Defence Force Guides15 min readUpdated November 2025

    Defence Home Ownership Assistance Scheme (DHOAS) Complete Guide 2025-26

    A comprehensive guide for ADF members covering DHOAS eligibility, subsidy tiers, loan limits, and strategies to maximise your Defence Force home ownership benefits.

    What is DHOAS?

    The Defence Home Ownership Assistance Scheme (DHOAS) is a government initiative that supports eligible current and former members of the Australian Defence Force (ADF) to achieve home ownership by providing a monthly subsidy towards the interest component of an approved home loan.

    Rather than a one-off grant, DHOAS pays into the loan account each month (if you meet the conditions) so that your repayments are lower or your interest cost is reduced.

    Key Point: DHOAS is administered by the Department of Veterans' Affairs (DVA) on behalf of the Department of Defence.

    Why DHOAS Matters for ADF Members

    ADF service often involves postings, relocations and unique financial arrangements. DHOAS is a tailored support vehicle recognising the commitment of service personnel.

    Because it reduces the interest cost on a home loan, it can improve your borrowing capacity or make owning your own home more achievable—especially valuable if you're balancing service commitments and family life.

    Strategic Advantage: Understanding DHOAS early gives you an advantage—you can select a DHOAS-approved loan, meet timing conditions and ensure you capture the maximum benefit.

    How DHOAS Works – Step by Step

    Simple Overview

    1. 1Complete the required qualifying service
    2. 2Apply for a DHOAS Subsidy Certificate from DVA
    3. 3Take out a home loan with a DHOAS-approved lender and meet the scheme's conditions
    4. 4Each month, DVA pays a subsidy (based on your tier, loan size, balance etc) into the loan account
    5. 5Maintain eligibility and the subsidy continues until your service credit expires or you depart the scheme

    Detailed Breakdown

    Step 1: Qualify & Accrue Service Credit

    • Permanent Force: Minimum of 2 years effective service required
    • Reserve Force: Minimum of 4 years effective service (20 paid days each financial year) required
    • Must have served on or after 1 July 2008 to be eligible
    • You accrue "service credit" and milestones which determine your "tier"

    Step 2: Apply for the Subsidy Certificate

    • Apply via DVA for a Subsidy Certificate confirming your tier and entitlement level
    • Provide service records and details of your loan intention

    Step 3: Loan with Approved Lender & Meet Scheme Conditions

    • Only declared home loan providers under DHOAS can be used
    • Property must be your own home (occupancy requirements apply)
    • If you refinance, change property, or move out of occupancy without permitted reason, you may jeopardise the subsidy

    Step 4: Subsidy Calculation and Payments

    • Monthly subsidy calculated based on: your tier, subsidised loan limit, and loan balance
    • If loan balance ≥ subsidised loan limit, you receive maximum monthly subsidy for that tier
    • Subsidy paid monthly directly to your loan (not as cash to your bank account)

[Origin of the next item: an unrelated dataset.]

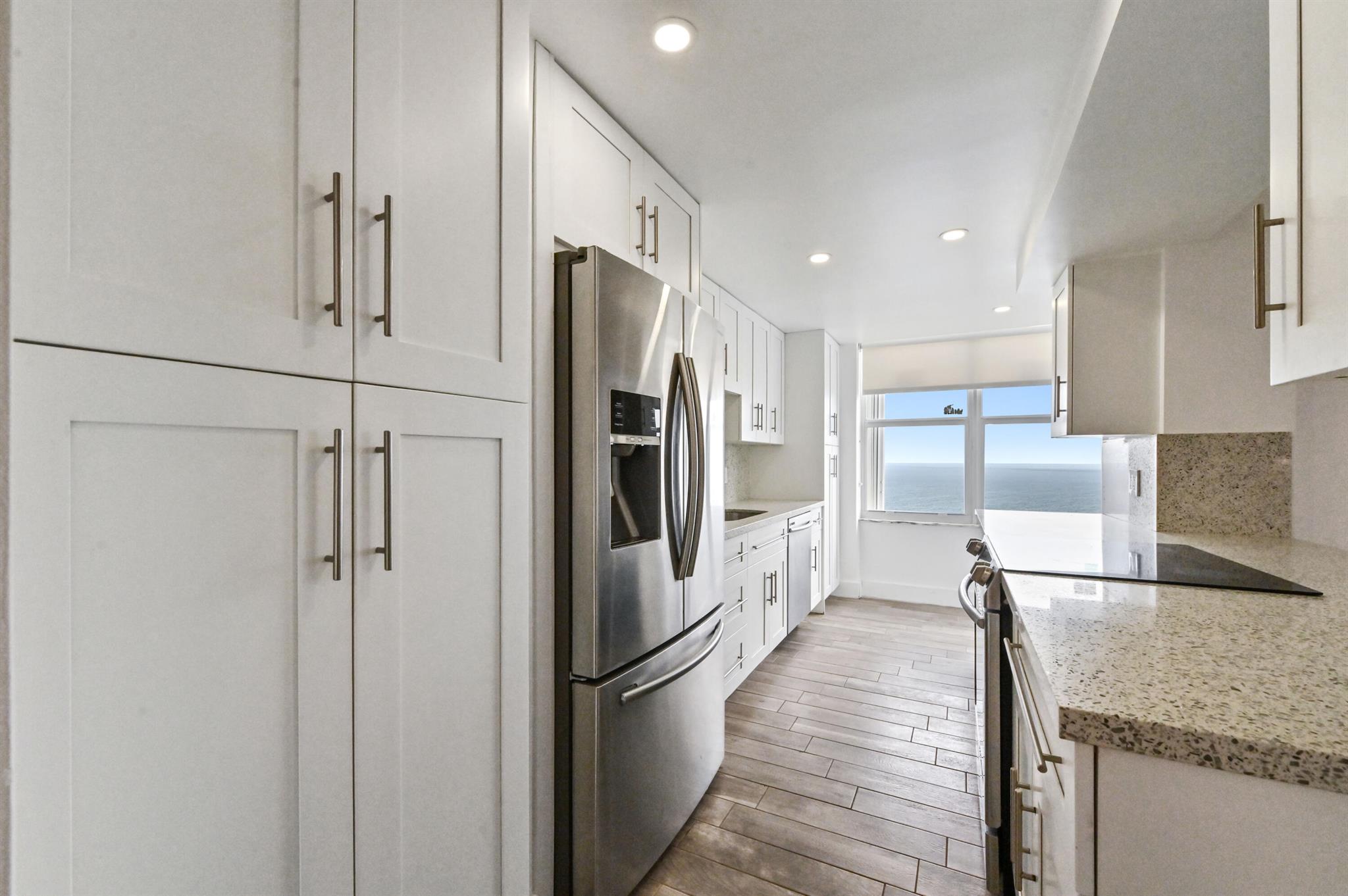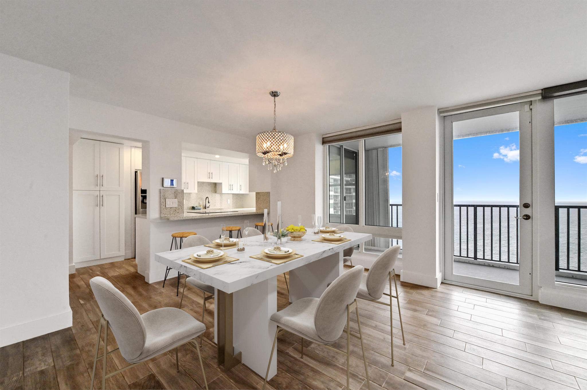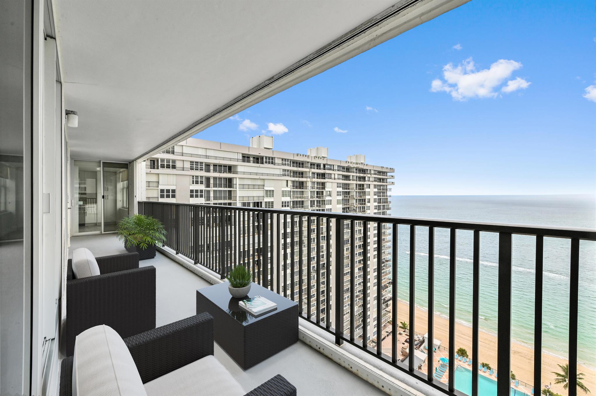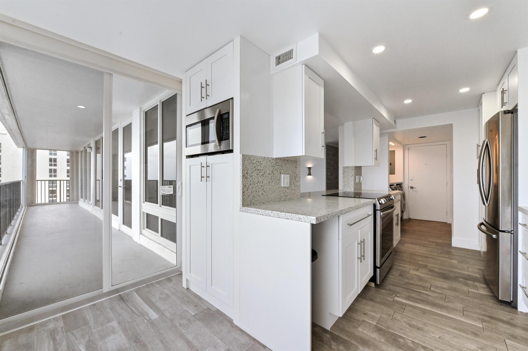 Step into beachfront luxury with this fully updated condo offering custom features and breathtaking views and semi-private elevator. This unique unit boasts 3 bedrooms, 2.5 bathrooms, and a versatile den/sunroom that can serve as a fourth bedroom or home office. Floor-to-ceiling impact windows showcase sweeping oceanfront views from the wraparound balcony, while the other side of the unit offers serene intracoastal vistas. The spacious, open-concept kitchen is perfect for entertaining, with a seamless flow into the living areas. A full washer and dryer are tucked away in the laundry room for added convenience.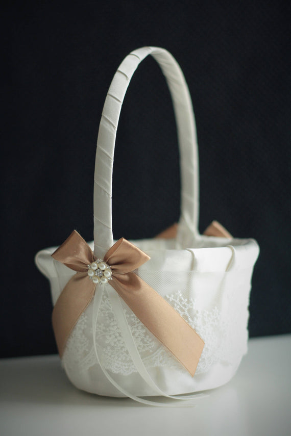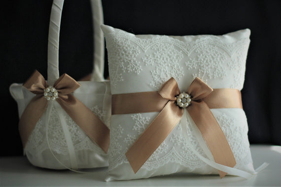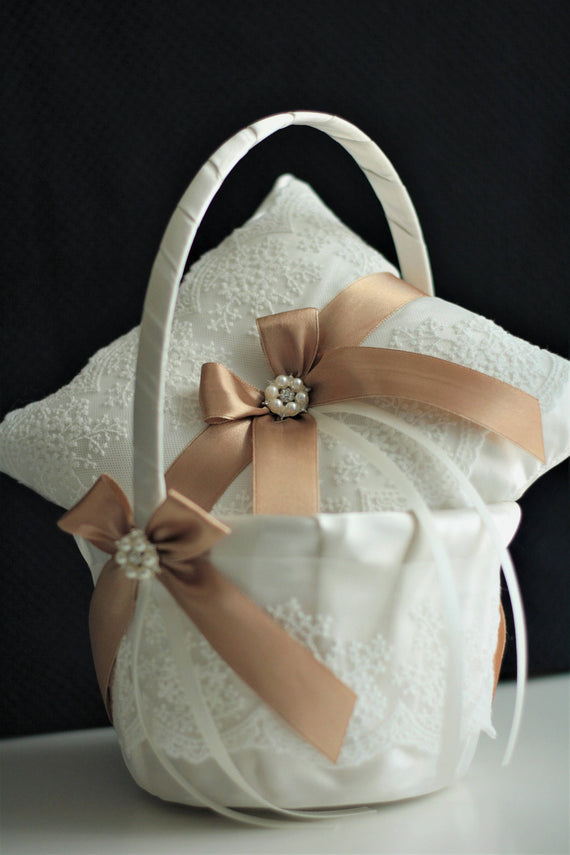 Beige Flower Girl Basket and Ring Bearer Pillow Wedding Set

    Step 5: Maintain Eligibility & Conditions

    • Continue to have service credit and meet occupancy/home-loan conditions
    • Circumstances changes (stop occupying, sell home, non-approved refinance) may stop subsidy
    • If you pause then restart, subsidy may be recalculated based on loan balance at restart

    Subsidy Tiers, Loan Limits & Recent Changes

    Subsidy Tiers & Loan Limits (2025-26)

    TierMinimum Service (Permanent)Minimum Service (Reserve)Subsidised Loan Limit
    12 years4 years$413,690
    24 years8 years$620,535
    38 years12 years$827,380

    Estimated Maximum Monthly Subsidies (based on October 2025 median interest rate):

    • • Tier 1: Up to $471/month
    • • Tier 2: Up to $706/month
    • • Tier 3: Up to $942/month

    How the Loan Limits Are Calculated

    The subsidised loan limits are set as a proportion of the national average house price (AHP):

    • Tier 1: 40% of AHP
    • Tier 2: 60% of AHP
    • Tier 3: 80% of AHP

    For 1 July 2025, the AHP was $1,034,225, which underpins the 2025-26 limits.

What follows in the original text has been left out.